I have to hand it to Paul Levitz: when the new “Legion of Super-Heroes” debuted and one of his first acts was to add villain Earth-Man to the ranks, I wasn’t convinced. It seemed like too easy a decision to create tension in the ranks and have the role of “outsider” added to the Legion.

Now that we’re five issues in, though, Levitz is making it work in a way that I should have seen coming. Levitz isn’t strictly going for the outsider tactic, he’s also adding in another classic story trope: redemption. And while Earth-Man’s path to righteousness is still a ways off from completion – rejecting his xenophobic compatriots may have happened last month, but his dialogue with Sun Boy this month shows that he’s still all about Earth first – he’s become a much more interesting character as his changes slowly play out.

It helps that Levitz is doing a good job of juggling plots here; with much of last issue devoted to the rescue of the twins, this month shifts back more towards the xenophobic attacks on aliens on Earth, as well as the search for a new Green Lantern. Plus, of course, Brainiac 5 continues to ignore everyone else’s plotlines (as he should), and Shadow Lass’ story from last issue continues to advance. And while some characters still have yet to enter the spotlight or do more than appear in backgrounds, with such a large cast one gets the impression that they’ll get their chance to step forward before too long.

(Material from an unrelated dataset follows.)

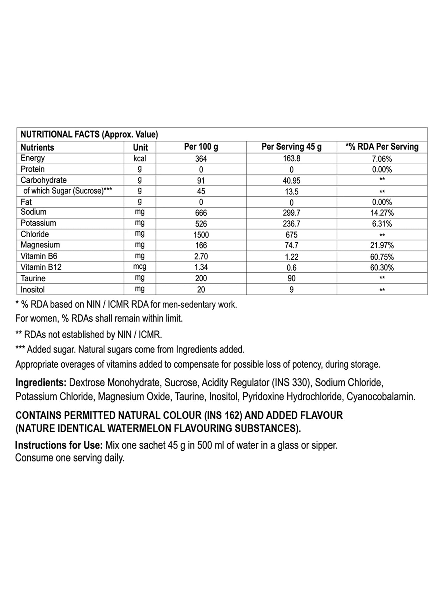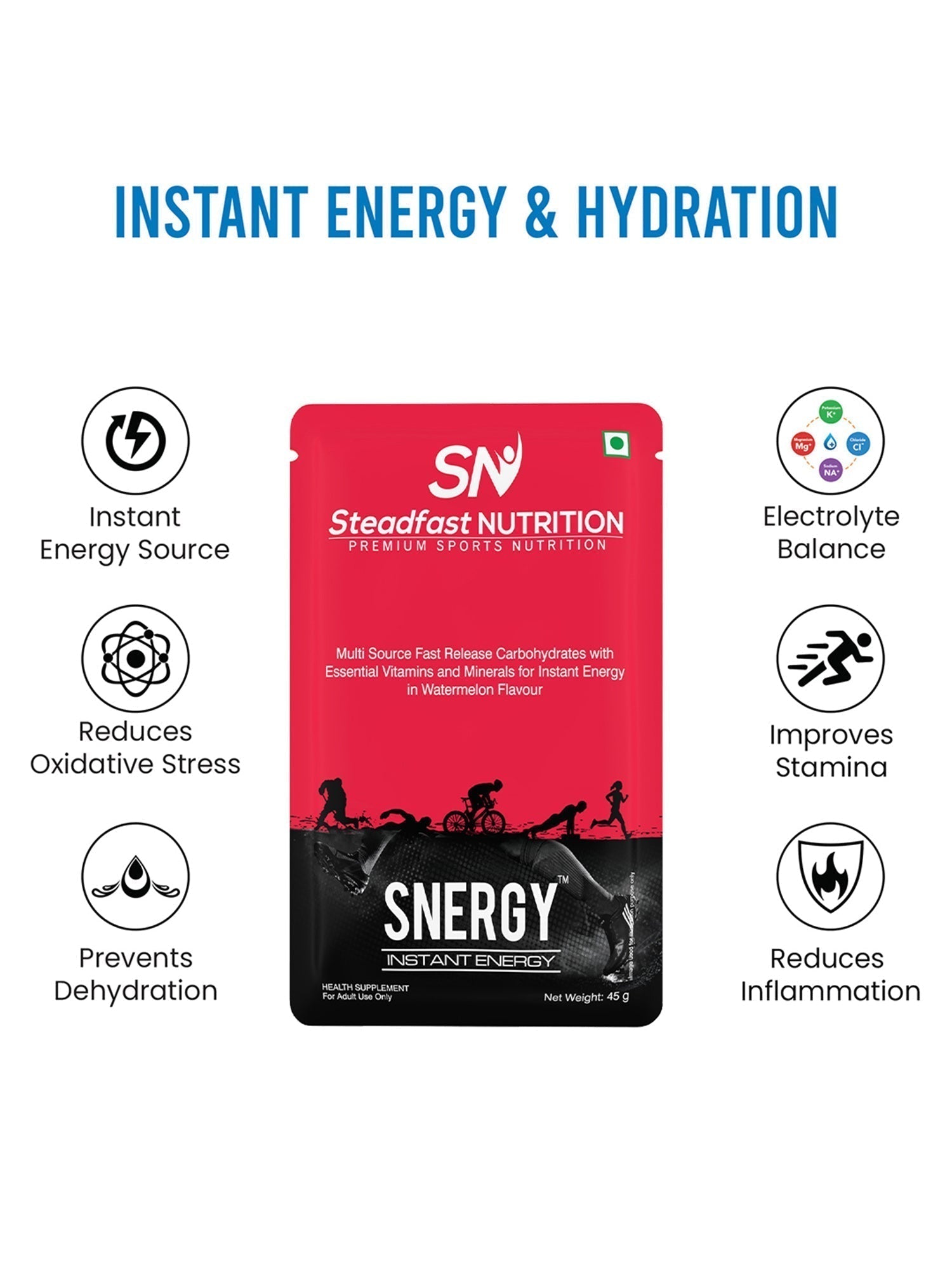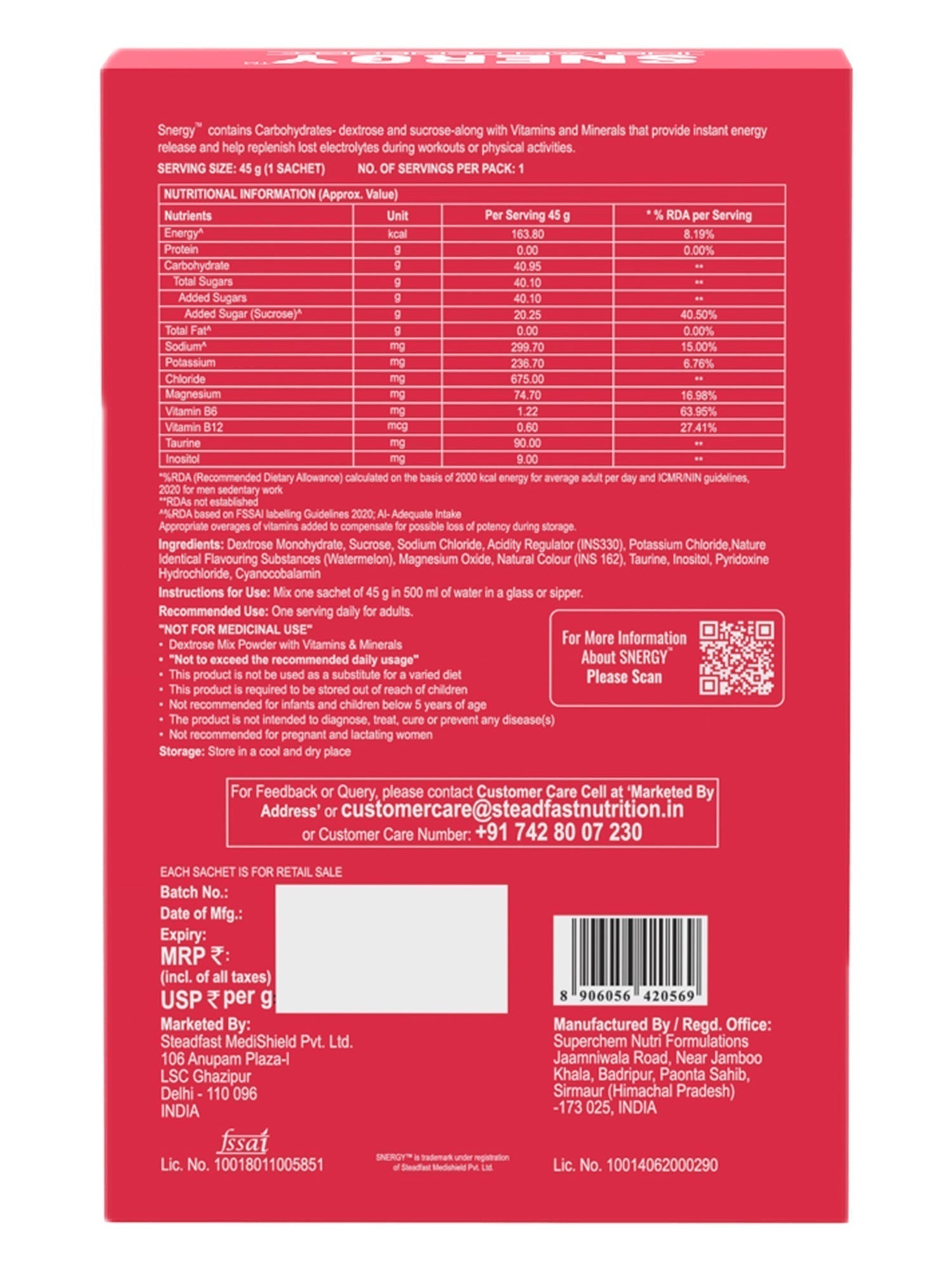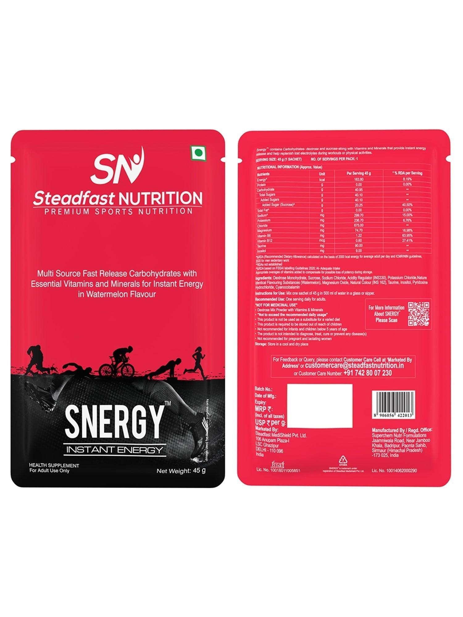 Snergy is a supplement for instant energy and hydration. It contains the simple carbohydrates dextrose and sucrose and essential vitamins and minerals, which give an instant energy boost and replenish lost energy and electrolyte stores. Each 45 g Snergy sachet provides 163.8 Kcal energy. The drink comes in refreshing and delicious orange and watermelon flavours.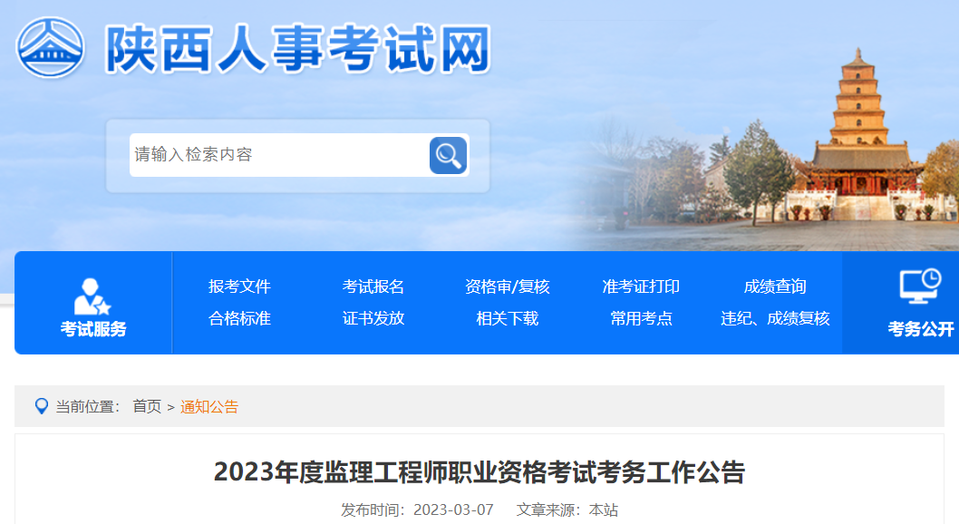 陕西省2023年度监理工程师考务安排

The joint pencil team of Yildiray Cinar and Francis Portela has settled in quite nicely. They’ve each got similarities and differences, but the book looks like a cohesive whole, a rarity in a multi-artist comic. I’m growing to love the way Portela’s characters are a little more exaggerated and ballooned, coupled with sharp and slightly over the top facial features. It’s fun, even as Cinar’s pencils are slightly softer and tempered, smoothed out with Wayne Faucher’s inks. Even characters not necessarily in the forefront of the issue bode well from Cinar, and his care goes a long way.

In a market where grim and dark is the order of the day, “Legion of Super-Heroes” still feels fresh and fun. Considering Levitz is able to slip in modern day topics of anti-immigration and racism into the comic and still let it feel light and upbeat, that’s a nice feat. “Legion of Super-Heroes” has quickly settled into a fun niche of its own.